In the previous installment I introduced monads using two examples: the Maybe monad and the List monad. Admittedly, those weren’t the most exciting uses of monads, although they served the purpose of explaining the underlying theory. I also mentioned that monads were introduced into functional programming as a general solution for a variety of problems. One of those problems was representing stateful computations as functions.

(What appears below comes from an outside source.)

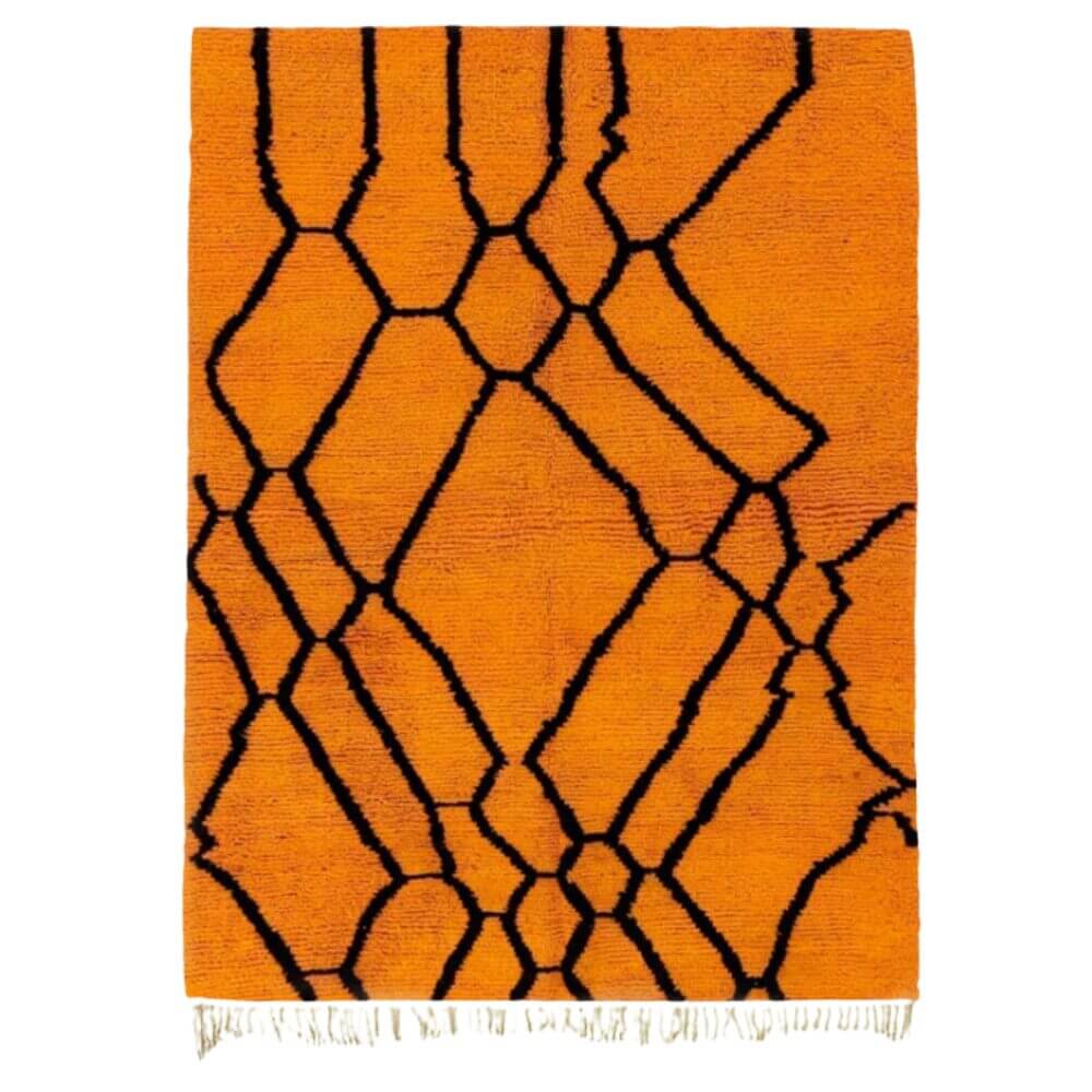 The vibrant orange tone creates immediate visual warmth, while the geometric pattern adds sophisticated depth to any design scheme. Discover complementary pieces by exploring our complete collection of Moroccan Rugs.
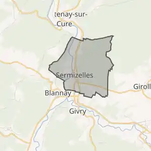 - Розташування муніципалітету Сермізель на мапі Франції та сусідні муніципалітети

Functions, State, and Side Effects
Here’s the problem: In functional languages, every time you call a function with the same arguments, it must return the same result. In fact, if the compiler detects such a situation, it is free to memoize the result of the first call and skip subsequent calls altogether. A stateful computation, on the other hand, might return different results every time it’s performed. It may, for instance, access some global or static variables. It may also modify those variables– in other words have side effects. In extreme cases a computation might be performed purely for side effects and not even bother to return any results.
This kind of behavior is often troublesome even in imperative programming. The use of global variables in particular is being discouraged. A better solution is to encapsulate the state and pass it explicitly to functions that use it. As a syntactic shortcut, in object-oriented languages, some of the state is regularly passed to functions (methods) as a hidden “this” or “self” argument. There’s even a syntax for composing such functions, as in this JavaScript snippet:
with(document) { var t = title; write(t + " and more"); }
Here, title
is a property and write
a method of the object document
. (If you put on your monadic glasses, it almost looks like do
notation.)
In functional languages we have one more limitation: we cannot mutate any data. There’s a standard way to overcome this limitation: Instead of modifying the data, you create a modified copy. This doesn’t even have to be expensive, if the language supports smart data structures that silently substitute references for copies whenever possible. Most operations on lists in Haskell are optimized this way, and there’s even a language, Clojure, at whose core are “persistent” data structures that behave as if they were immutable, but do a lot of sharing behind the scenes. Immutability is a very attractive feature when you are doing concurrent programming: access to immutable data requires no synchronization.
Taking all this into account, the way to translate stateful computations into functional language is to use functions that explicitly take state (encapsulated in some data structure) and return the, possibly modified, state together with the usual return value. For instance, a C++ “function”:
int pop() { auto v = glob.top(); glob.pop(); return v; }
that operates on a global vector, glob
of the type std::vector<int>
, would be turned into a Haskell function:
pop (ST lst) = (ST (tail lst), head lst)
operating on the state of type Stack
:
newtype Stack = ST [Int]
The constructor ST
creates a Stack
from a list of integers. This constructor is also used for pattern matching, as in the argument of pop
. The function head
returns the first element of a list, tail
returns the rest.
The signature of pop
is characteristic of functions that operate on state:
top:: Stack-> (Stack, Int)
Such functions are often called “actions.”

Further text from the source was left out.